The Great Wall of Vodacom – FAIL

Right, so Kevin (one of my staff) had the savvy to take a few tcpdump traces on both the client and the server side of a failed PPtP VPN connection over the weekend. The result? It seems the great firewall of Vodacom has yet again taken another victem.

I’m not sure whether this is a result of too little testing, total ignorance or just incompetence. Either way, it would seem it’s a bit of a race condition, and hits something similar to what we in the office refer to as the “connection tracking bit bucket”. Basically it seem most connection tracking implementations (when combined with a state full firewall such as that used by Vodacom – as per their own admission in their last letter to me) results in certain flows being prematurely marked as “invalid”. In particular in the example that Kevin has captured for me the server ends up being the first entity to send a GRE packet, this then gets (or got, seeing that it’s fixed again) intercepted by the firewall, perceived as an inbound connection to the client and the uni-directional flow gets marked as invalid. When the client now sends GRE traffic to the server this gets allowed, but the return traffic still bites the “invalid” mark. I can only speculate as to the exact state (seeing that Vodacom doesn’t reveal exactly what software they are using – probably proprietary anyway) of things, making it difficult. This I will attempt to speculate as objectively as possible (not always easy).

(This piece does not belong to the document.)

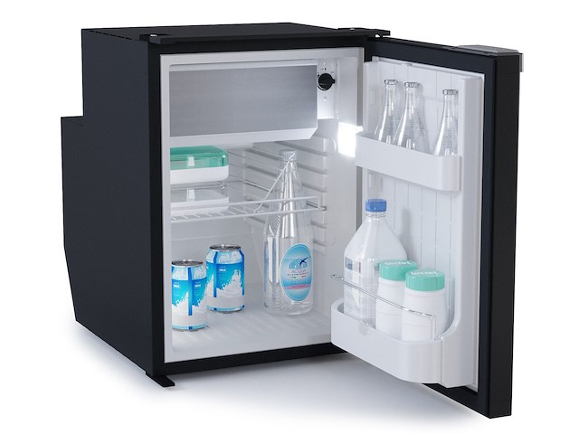 Frigorifero con unità interna Vitrfrigo C51. Capacità 51 litri ( Vano freezer 3,6 lt. ). Porta di colore nero. Flangia coprifilo non compresa. Nostro riferimento 8672. Alimentazione a 12/24 volt.

Seeing that there are two entities involved in this dump, and I want to do a side-by side comparison, some ASCII art is in order. Essentially three columns being used, the sending agent will indicate what is being sent, and if it was received by the destination I’ll mark that column with an ACK. I’ll also add (R) to retransmits on the sending side. The ISN mods still applies to the TCP connections, however, the data itself isn’t being tampered with in this case. Note that in the GRE traffic case there are still ACK packets being sent by the server, these ACK packets however goes lost (as indicated in the packet sequence).

Client                Direction  Server
SYN                        ->    ACK
ACK                        <-    SYN
PPTP (Start Req)           ->    ACK
ACK                        <-    PPTP (Start Resp)
                           <-    GRE (PPP-LCP Conf Req)
GRE (PPP-LCP Conf Req) (R) ->    ACK (goes lost)
GRE (PPP-LCP Conf Req) (R) ->    ACK (goes lost)
... a few more of these ...
GRE (PPP-LCP Conf Req) (R) ->    ACK (goes lost)
PPTP (Call Clear Req)      ->    ACK

Once the Call Clear Req is received TCP/IP teardowns happens, surprisingly without the flurry of injected RST packets I’ve growned accustomed to, just a single out-of-order delivery between one ACK and FIN/ACK packet.

What I would want (not sure what resolution they picked) is for them to either perform a routine inspection of the PPTP control traffic (specifically the Start Request and Start Reply packets) to determine the GRE traffic parameters (based on what I can see, just mark the fact that GRE is to be expected between the two given end points) and allow that traffic, or, stop this firewalling nonsense. It’s only the Cellular “ISPs” performing actions such as these. The arguments for providing this protection is sound. But then it needs to be done sanely. For the most part I’ll have to admit that the firewall works and doesn’t cause too many problems.

Seeing that the problem has been resolved by Vodacom, I’ll let it rest, for now.

2 Responses to “The Great Wall of Vodacom – FAIL”

  1. Gert says:

    Is there any decent TCP testers? It will make debugging (mostly firewall caused) TCP-issues a lot easier… (Cisco firewalls also mess around with TCP flags, which breaks some applications… They also mess around with the ISN by default)

    It should be able to test most TCP features (transfers, sequence numbers, urgent flag, common extensions) and give you an idea of what the network allows and what not…

    Back to 3G: I wonder if their “internet conenctions” actually work properly for non-TCP / UDP-based protocols… (such as SCTP-based protocols…)

  2. Jaco Kroon says:

    I always just use tcpdump. The number of these problems I have are far and few between, and vary so much in nature that I believe it’ll be difficult to write a tool to reliably test for all possible things that can go wrong. In terms of probing you can probably use nmap to see what’s open and what not.

    The more interesting part as you suggest is the question surrounding non-TCP and non-UDP. I know that GRE works in combination with PPTP (as per above, when they don’t break it). But other protocols may not work properly, this remains to be seen and I can’t really comment. But brings me back to elementary networking … the iso networking layer model. You have been given an IP right? Which is routable? So why does the ISP feel it’s required to break the iso layer by looking at stuff anything higher than layer 3? Why do they feel it’s required to look at anything inside the IP packets when that is all they actually need to look at in order to deliver traffic?